═════ SOURCE DATA
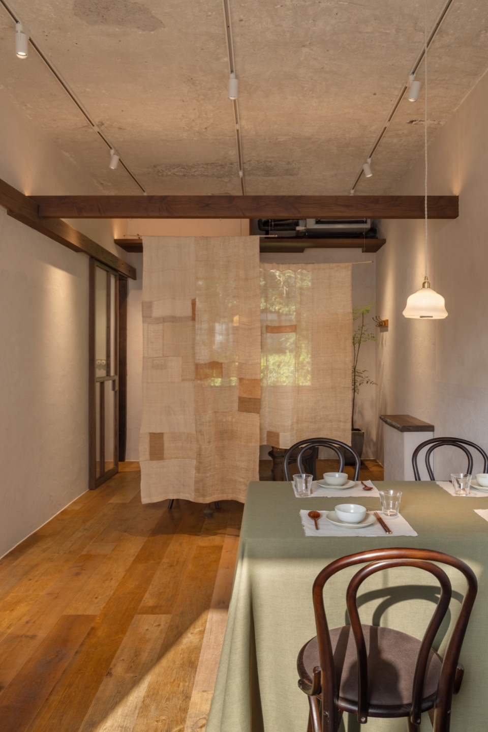 The “GUI” restaurant has two floors. It was formerly a five-room guesthouse. The owner hopes to partially retain the original “time texture” and incorporate new restaurant functions. Upon opening the design plan of the original homestay, we followed the structure of the original building to explore. On the basis of keeping the layout as unchanged as possible, we made several necessary door openings on the partition walls of the original guest rooms to sort out the flow of the dining room and the visual order. At the same time, remove the redundant partition walls that do not bear force to maximize the opening of the space. Subsequently, use soft partition techniques to divide the areas.
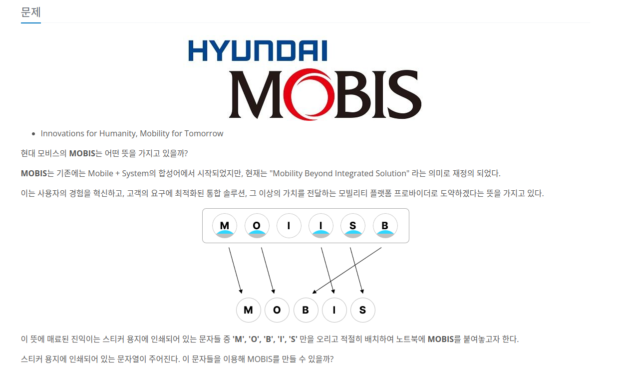 주어진 단어로 'MOBIS' 단어를 만들 수 있는지 물어보는 문제입니다.
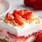 This No-Bake Strawberry Lasagna is a creamy, layered dessert that combines a crunchy graham cracker crust with smooth cheesecake and fluffy strawberry gelatin layers. Topped with whipped cream and fresh strawberries, it slices cleanly every time and is perfect for summer gatherings or special occasions.
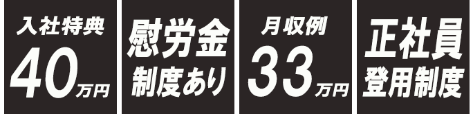 | 入社特典 | 40万円支給 |
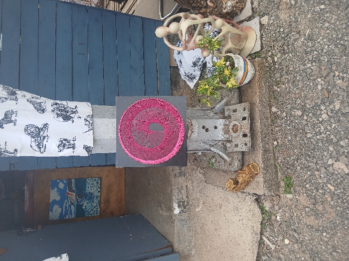 Various objects are arranged on a surface: a blue wooden structure, a piece of white fabric with dark designs, a square black object with a pink circular pattern, a small painting, a silver metal piece, a small carved wooden object, and two potted plants next to a human-shaped decorative object. They rest on concrete or gravel.
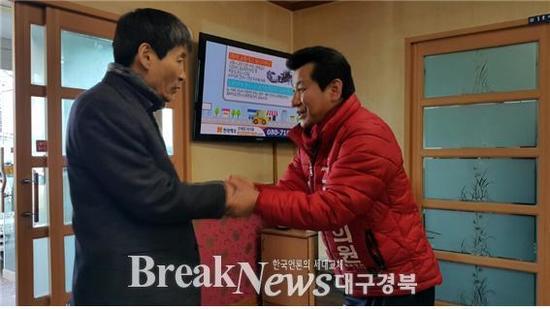 【브레이크뉴스 포항】김가이 기자= 이창균 새누리당 포항 북 국회의원 예비후보는 3일 새벽 장성동 삼도사거리 출근길 아침인사에 이어 장량동 통장협의회 모임에 참석했다.
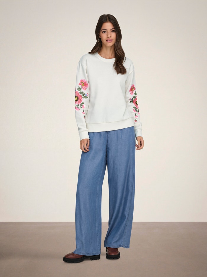 Lisa oma garderoobi mugavust ja lahedust pehme dressipluusiga, ning loo ajatu ilme teksade ja treeningjalatsite abil.
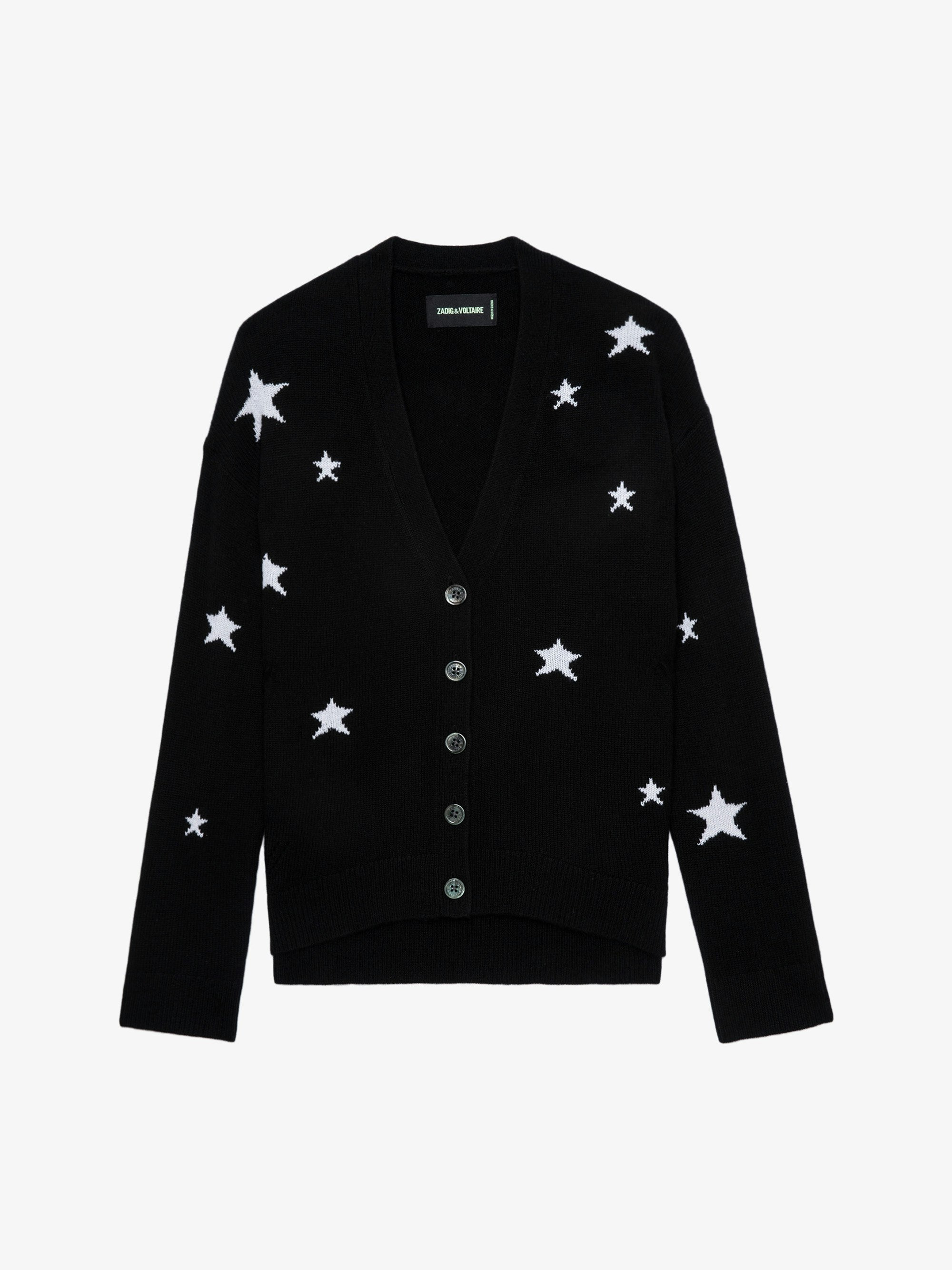 Women’s black cashmere button front cardigan with contrasting star motifs Description & details Studded with stars in intarsia jacquard, this long-sleeved button front 100% cashmere cardigan is infinitely soft. - Zadig&Voltaire women’s black cashmere cardigan - Contrasting star motifs - V neckline - Button front - Long sleeves - Ribbed cuffs and hem - 100% cashmere Model is 179 cm/5'87" and is wearing a size S Model is 170 cm / 5' 6" and is wearing a size S This item is true to size. We recommend buying your usual size. Composition 100% CASHMERE* Care Hand or machine wash your knitwear at 68°F in a pillowcase or washing bag. Do not use fabric softener or leave your knit soaking in water. The spin speed must not exceed 400 rpm. Dry flat on a towel away from direct sunlight and heat. Product code: KWCA00001_NOIR
══════════
Repeat the records above exactly, from the first line through the line that contains "Lisa oma garderoobi", and leave out the pictures.

 The “GUI” restaurant has two floors. It was formerly a five-room guesthouse. The owner hopes to partially retain the original “time texture” and incorporate new restaurant functions. Upon opening the design plan of the original homestay, we followed the structure of the original building to explore. On the basis of keeping the layout as unchanged as possible, we made several necessary door openings on the partition walls of the original guest rooms to sort out the flow of the dining room and the visual order. At the same time, remove the redundant partition walls that do not bear force to maximize the opening of the space. Subsequently, use soft partition techniques to divide the areas.
 주어진 단어로 'MOBIS' 단어를 만들 수 있는지 물어보는 문제입니다.
 This No-Bake Strawberry Lasagna is a creamy, layered dessert that combines a crunchy graham cracker crust with smooth cheesecake and fluffy strawberry gelatin layers. Topped with whipped cream and fresh strawberries, it slices cleanly every time and is perfect for summer gatherings or special occasions.
 | 入社特典 | 40万円支給 |
 Various objects are arranged on a surface: a blue wooden structure, a piece of white fabric with dark designs, a square black object with a pink circular pattern, a small painting, a silver metal piece, a small carved wooden object, and two potted plants next to a human-shaped decorative object. They rest on concrete or gravel.
 【브레이크뉴스 포항】김가이 기자= 이창균 새누리당 포항 북 국회의원 예비후보는 3일 새벽 장성동 삼도사거리 출근길 아침인사에 이어 장량동 통장협의회 모임에 참석했다.
 Lisa oma garderoobi mugavust ja lahedust pehme dressipluusiga, ning loo ajatu ilme teksade ja treeningjalatsite abil.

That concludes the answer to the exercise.